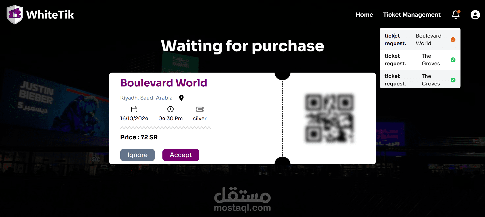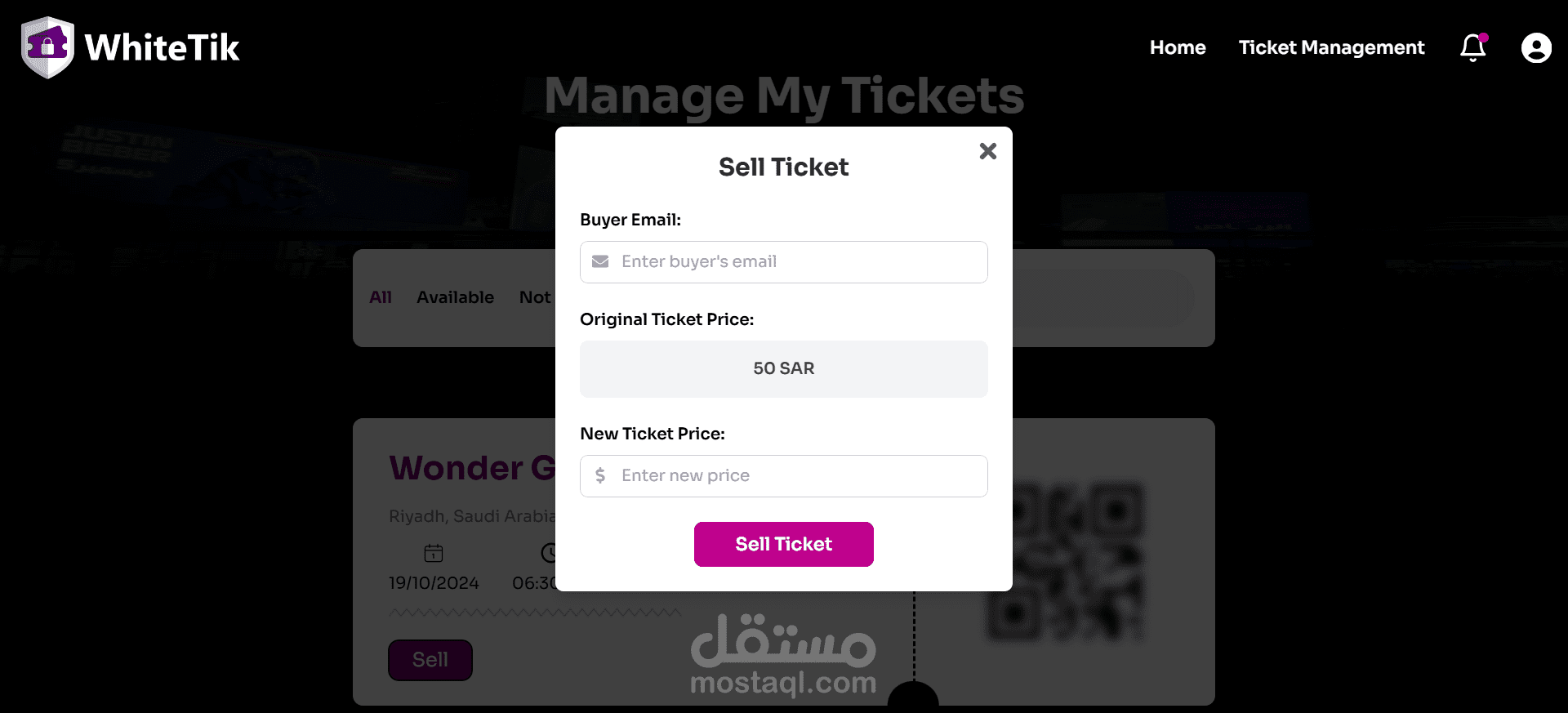 وصف المنصة: WhiteTik هي منصة مبتكرة لشراء وبيع التذاكر تهدف إلى محاربة الاحتيال والحد من السوق السوداء للتذاكر. تتيح المنصة للمستخدمين شراء تذاكرهم للفعاليات المختلفة، وكذلك إعادة بيعها في حال تعذّر عليهم الحضور.
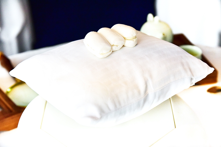 14th course: COUNTING SHEEP – เมนูสีขาวโพลนสำหรับก่อนนอนที่ประกอบไปด้วย “มาการองมอลต์” เนื้อเบาเสิร์ฟบนหมอนลอยฟ้าและ “ของหวานสีขาว” ที่ประกอบไปด้วยไอศกรีม เมอแรงค์และโมจิสอดไส้พิสตาชิโอ้ มันดีมากๆ
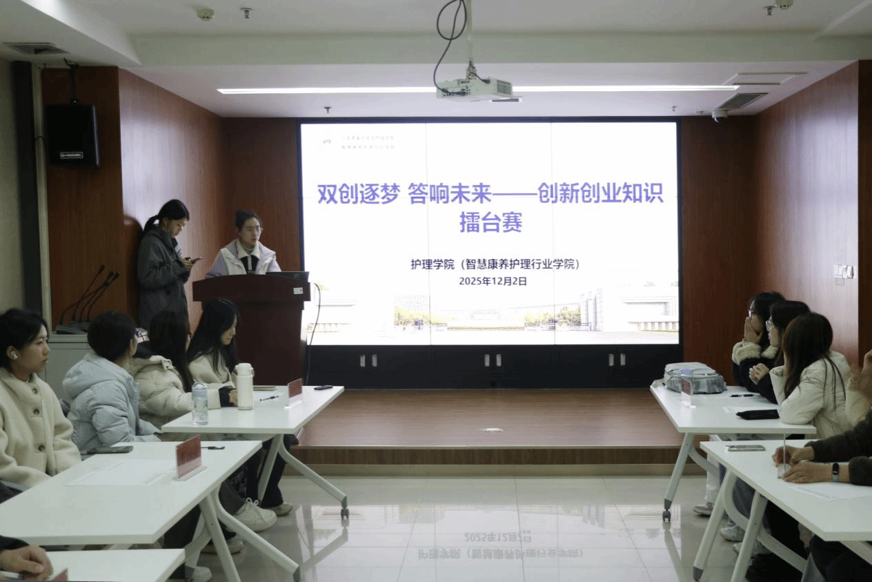 本网讯(文/张澍 图/魏卓妍)为激发护理学子的创新创业热情,推动专业知识与创业实践有机融合,2025年12月2日,护理学院(智慧康养护理行业学院)于实验楼BM709教室成功举办“双创逐梦,答响未来”创新创业知识竞赛。本次竞赛面向全院学生,共吸引8支队伍、24名选手组队参与。
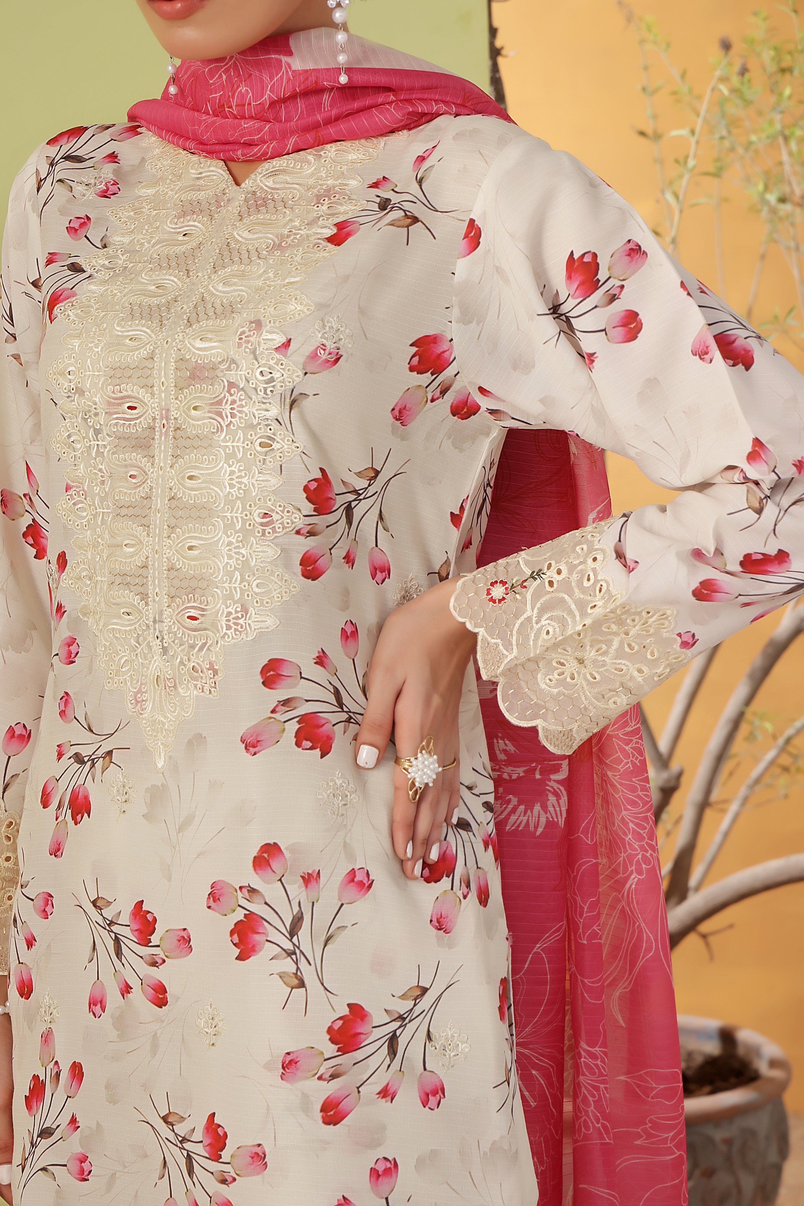 Dupatta: Digital printed premium chiffon – light, flowy, and elegant, perfect for a striking drape.
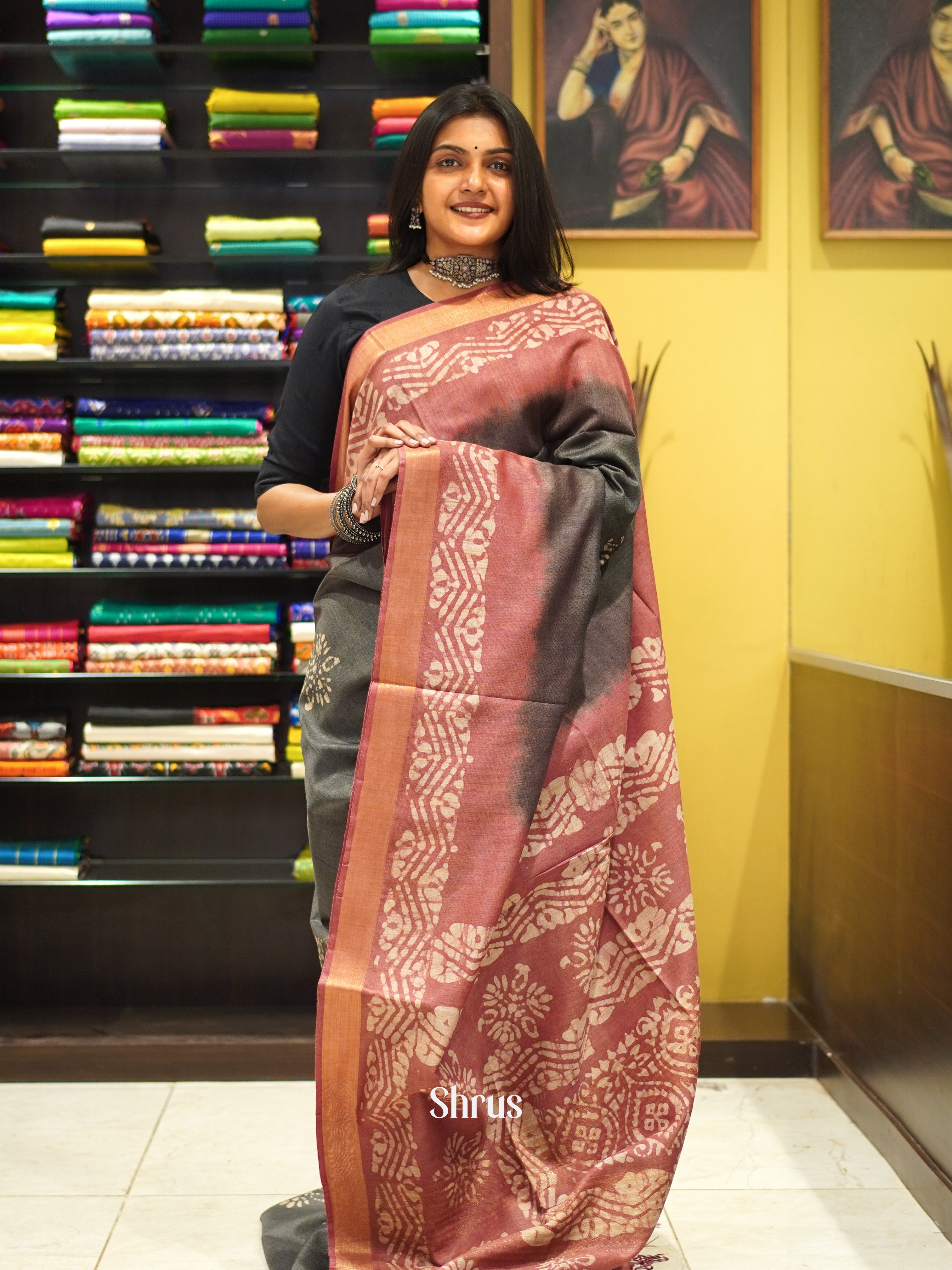 Elegant Elephant Black Bhatik saree boasts a stunning floral pattern on the body and a contrast Red printed, Zari border. The contrast Red pallu adds a touch of glamour. Complete with a matching contrast blouse, this saree is the perfect choice for a polished look.
++++++
## ABOUT THIS EXERCISE
Write out the lines from the start of the material to the line with "14th course: COUNTING", inclusive and exactly. Skip the pictures.

## OUTPUT FOR THIS TASK
 وصف المنصة: WhiteTik هي منصة مبتكرة لشراء وبيع التذاكر تهدف إلى محاربة الاحتيال والحد من السوق السوداء للتذاكر. تتيح المنصة للمستخدمين شراء تذاكرهم للفعاليات المختلفة، وكذلك إعادة بيعها في حال تعذّر عليهم الحضور.
 14th course: COUNTING SHEEP – เมนูสีขาวโพลนสำหรับก่อนนอนที่ประกอบไปด้วย “มาการองมอลต์” เนื้อเบาเสิร์ฟบนหมอนลอยฟ้าและ “ของหวานสีขาว” ที่ประกอบไปด้วยไอศกรีม เมอแรงค์และโมจิสอดไส้พิสตาชิโอ้ มันดีมากๆ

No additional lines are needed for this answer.